Atap Niang disusun menggunakan daun lontar, mirip rumah adat Honai di Papua. Struktur Niang ini cukup tinggi dan ditopang oleh kayu worok dan bambu. Uniknya lagi, mereka membangun Niang tanpa menggunakan paku, tapi hanya menggunakan tali rotan yang mengikat keseluruhan konstruksi bangunan.
Dari luar Niang nampak kecil, tapi hebatnya satu niang dapat dihuni antata 6 hingga 8 keluarga, loh! Waduh, gimana pas mau ena-ena, ya? Wakakak.

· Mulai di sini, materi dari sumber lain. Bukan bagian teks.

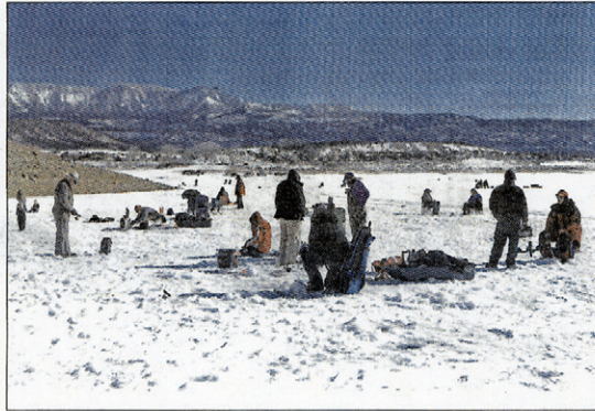
A gang of ice fishermen congregates at Crawford Reservoir south of Hotchkiss. Unlike warm-weather fishing, many ice anglers find spots to catch fish close together. Most ice fishermen are walkers, carrying a bucket or pulling a sled with their gear.

So how do you decide where to plug your gear? Ice fishing is funny in that

Saat ke sana, saya sempat melihat aktifitas penghuni rumah. Mamak-mamak di sana sebagian besar berprofesi sebagai pengrajin. Ada sebuah gubuk kecil di Niang utama tempat mereka memamerkan dan menjajakan hasil tenunan mereka. Harganya juga bervariasi, nggak terlalu mahal. Sayangnya saat itu saya memutuskan untuk tidak membeli. Keputusan yang saya sesali begitu meninggalkan Todo.
Oh ya, di tengah-tengah area Niang terdapat juga sebuah makam keramat. Tak jauh dari kediapan Bapak Titus bahkan ada komplek pemakaman tuanya. Kalau siang ke sana sih ya gak serem ya. Tapi saya gak janji kalau malam seperti apa hahaha.
Perjalanan saya dan rombongan hari itu berakhir setelah santap siang di kediaman Bapak Titus. Menunya sederhana, namun terasa nikmat karena dimakan beramai-ramai, ditambah lagi ditutup dengan kenikmatan kopi Manggarai yang aduhai. Nikmat!